How to make a copper rose for jewelry

Goldstone is the stone of ambition. It inspired me to make this 1 cm copper rose for jewelry. The rose has been soldered to the copper wire. The wire has been wrapped around the stone. A hole has been drilled in the stone to make the hold tight and secure. A beautiful pendant has been born.

And now the story of the rose. After googling I found this great tutorial how to make a copper rose in 8 easy steps. Sized to impress, mainly for decorative purposes. With enthusiastic comments and photos underneath. All of them showing a life-size rose. But my ambition was to make it a tiny pendant. It means I had to adjust the instructable.

First I scaled down the pattern on the PC. Thanks to the author of the instructable (under a nick vbow) the pattern is well measured and centered. Though some of the comments advise skipping one petal round, I decided to go for the full set of petals, including the sepal. (I love this new word).

But instead of cutting them out of metal sheet like I did cut the pattern out of paper, I decided to cut them with a jewelry saw. A 22 g (0.6 mm) sheet is just a bit too thick for such intricate shapes. The shears can deform the shape or leave deep cuts. Fast but less reliable.

The jewelry saw is also fine for applying the texture. The hammer and chisel would not work with such small shapes either.

 

Since the texture is on the inner side of the petals, but on the outer side of the sepal, the cutting (or scratching) can be done either on the flat or on the bent shape. I thought it might be easier to make the petals and the sepal slightly domed. It would make bending of the petals easier after the assembly. This is where a dapping block comes handy.

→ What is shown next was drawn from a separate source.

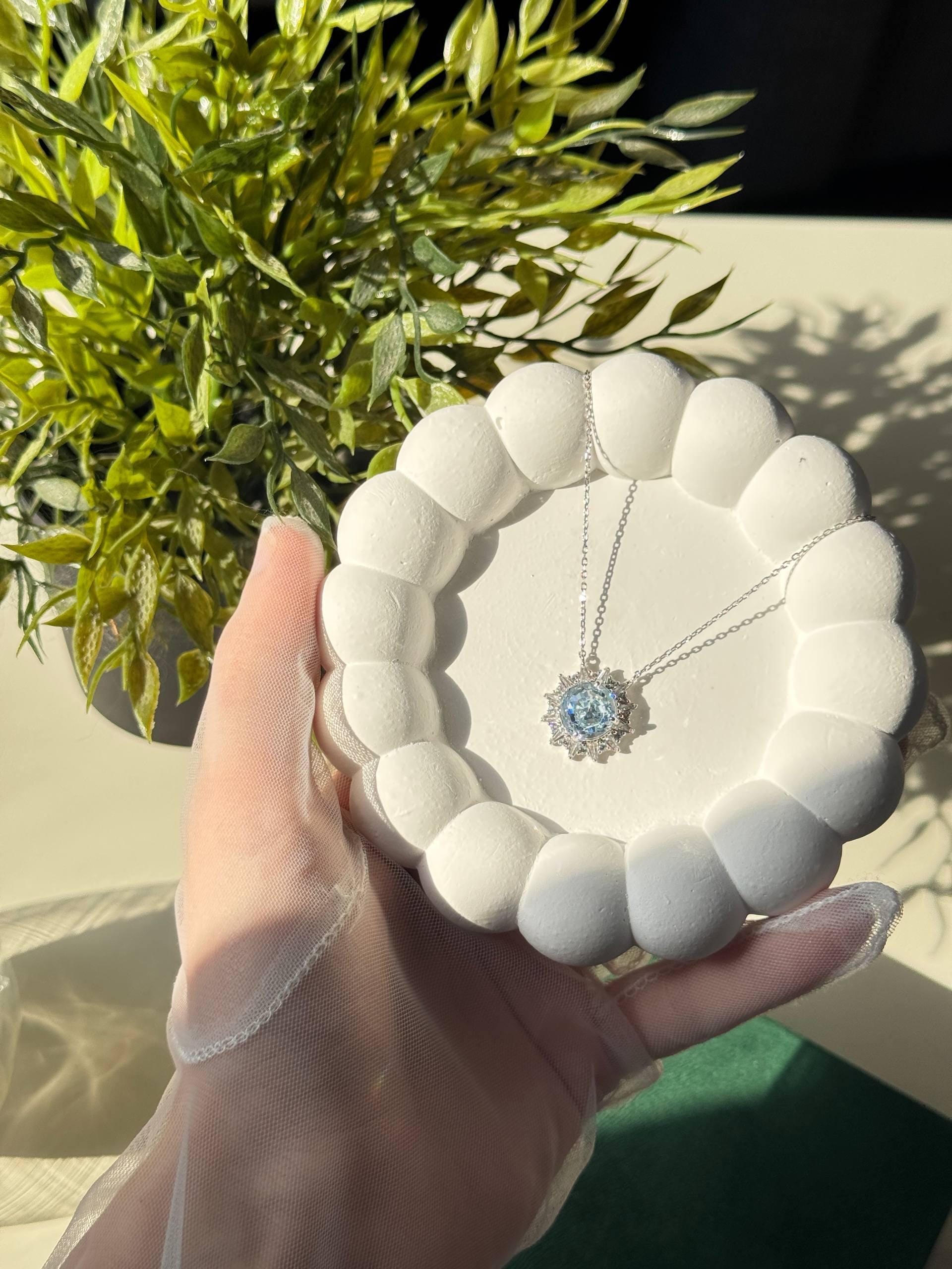 Our jewelry is plated with premium rhodium, ensuring long-lasting shine and resistance to water, sweat, and perfume.

After all the parts have been cut out and textured they had to be assembled. Unlike what the instructable says, my rose was not to be welded onto a steel rod. Just soldered to a copper wire, long enough to be wrapped around the stone.

The point is that copper is soft and gets even softer after heating. And the petals do rattle because even the hole gets expanded and less tight after heating. To secure the petals a few small soldering spots on the bottom and on the top are not enough. They kept on rattling. So I did do soldering in the middle bunches of petals. After that, I proceeded with bending the petals. To be honest, the sepal could have been skipped because it can be barely seen in my design. But I just loved the idea and the word too.

After the rose had been finished the only thing to do was to wrap the stone. I like the result. The copper flecks in the goldstone match copper nicely. The whole necklace can now be seen here.

What are the lessons learned from the project “how to make a copper rose for jewelry”?

Making something in a small version is not just scaling down. It requires different tools and techniques. I used mainly jewelers tools and techniques for this rose. You also need to be aware of the final use of the piece. Will it be a standalone jewelry piece? Or assembled? With a stone? Beads? Worn on a chain? You really need to keep in mind all these things.

Thank you vbow for a great instructable!